Friday, January 10, 2014

Graphic Novel: Dresden Files, Ghoul Goblin, Jim Butcher

The Dresden Files Ghoul Goblin
Jim Butcher and Mark Powers, illustrated by Joseph Cooper and Mohan 
ISBN: 9781606904381
Hardcover Graphic Novel, 160 p.
Read January 9, 2014

I've missed Harry.  The last novel I read was Ghost Story, and I'm holding off on the more recent ones because they've gotten a bit too dark and heavy-hitting for me, at least for the winter months.  (I did get to read Molly's story Bombshells in the Dangerous Women anthology (GRR Martin, ISBN: 9780765332066) this past weekend (January 5th, 2014), and I can say it's a measure of how much I miss the Dresdenverse that I chose to read that instead of Sanderson's Shadows for Silence in the Forests of Hell, which I STILL have not gotten to read.)  So it was an unreserved pleasure to backtrack to Harry's early days, when his weight class is measured against everyday ghouls and goblins and sea monsters.

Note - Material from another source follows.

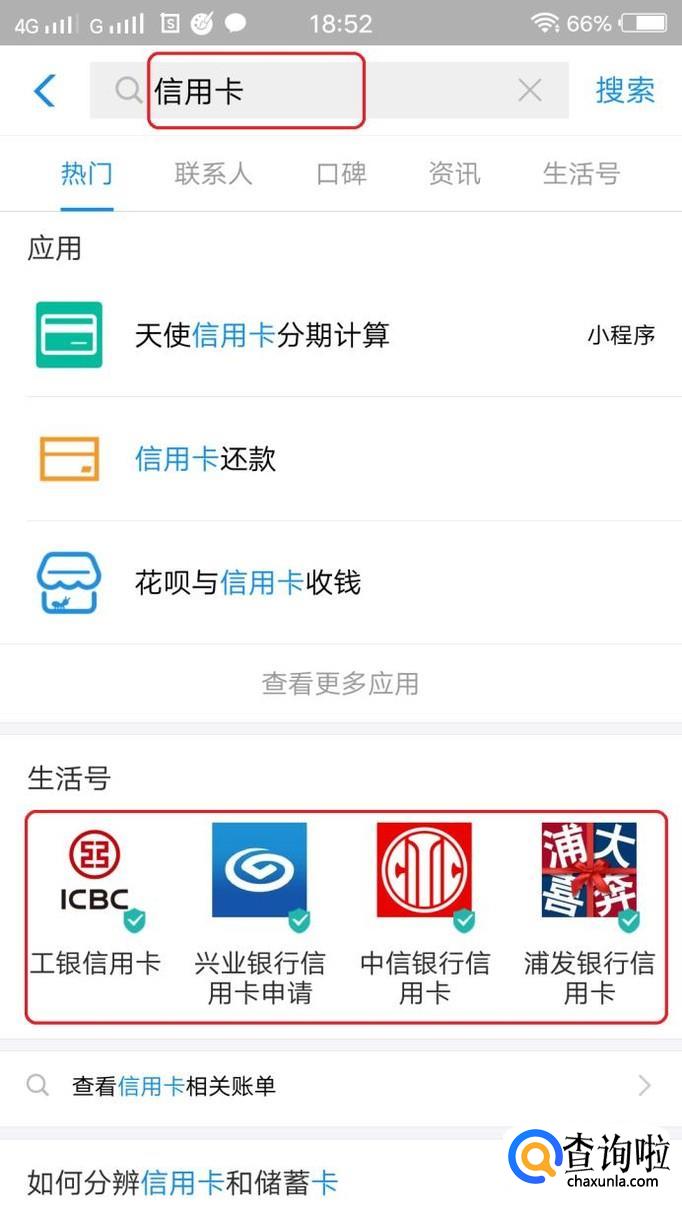 就可以搜索到各家银行信用卡的生活号,如图所示,往右滑动屏幕,可以选择所需要申请的信用卡,我们以工商银行信用卡为例,点击一下“工银信用卡”生活号。

The story starts shortly after the events of Fool Moon, with Dresden still reeling over the first real casualties he's been responsible for, and Murph giving him the cold shoulder.  When a small-town deputy from Missouri shows up with a tale of a family of orphaned siblings dying in unusual circumstances, Harry is all too willing to leave Chicago's bad memories behind for a while, and do his part to help another set of orphans.  Unfortunately, the kids are the remnants of a family cursed due to an ancestor's stupidity (elaborated in the prologue, with a Lawrence of Arabia cameo in Egypt), and now the kids, the last of the family line, are literal pawns in a supernatural turf battle.  Just identifying the nonhuman players is taking all of Harry's strength and wits, and it doesn't help that there is a reactionary Sheriff itching to arrest him for being a con artist, and a shady lady Mayor with a mysterious connection of her own to Egypt.

Obviously Harry can't die (yet), but the body count does get pretty rough before the end.  

The storyline is tight, and what's really interesting is comparing the graphic novelization with the original text summary included at the end of the book.  While characters and events mostly line up, the entire ending is drastically different, and in my opinion, much stronger, in the graphic novel than in the summary.  Makes me wonder who was responsible for the changes, and how that process developed through the creation of the original 6-part series.  

The art - oh lord, the art is beautiful.  I think I mentioned in my review of Fool Moon Part 2 that I was not entirely thrilled with how Chase Conley was interpreting the characters there.  Well, we've switched back up, and I'm LOVING Joseph Cooper's work.  It's simply beautiful.  The characters are expressive in face and body without looking like caricatures.  Even the really tough work like making the goblin subtly off-kilter without looking overly inhuman were just delightfully done.  I especially liked the lantern-jaw on the ghoul, and how Cooper used body posture and viewing angle to really show up that grotesque deformation.  In addition, Harry doesn't look emaciated or nuts, and the female characters have mouths and eyes that fit their faces.  A special bonus for me was the set of covers by Ardian Syaf, who started this whole shindig up in style, and who I've sorely missed.  I was a little nonplussed by his choice of Harry in his pentacle and orange prison jumpsuit, which isn't at all the way it goes down in the story, but I can't deny that it's an impressive and intriguing image to catch someone's eye.

Here's hoping that Butcher sees fit to give us more of these original story graphic novels, or perhaps some graphic treatments of some existing short stories.  I would love to see Harry and Bigfoot in graphic format, not to mention a certain werewolf wedding.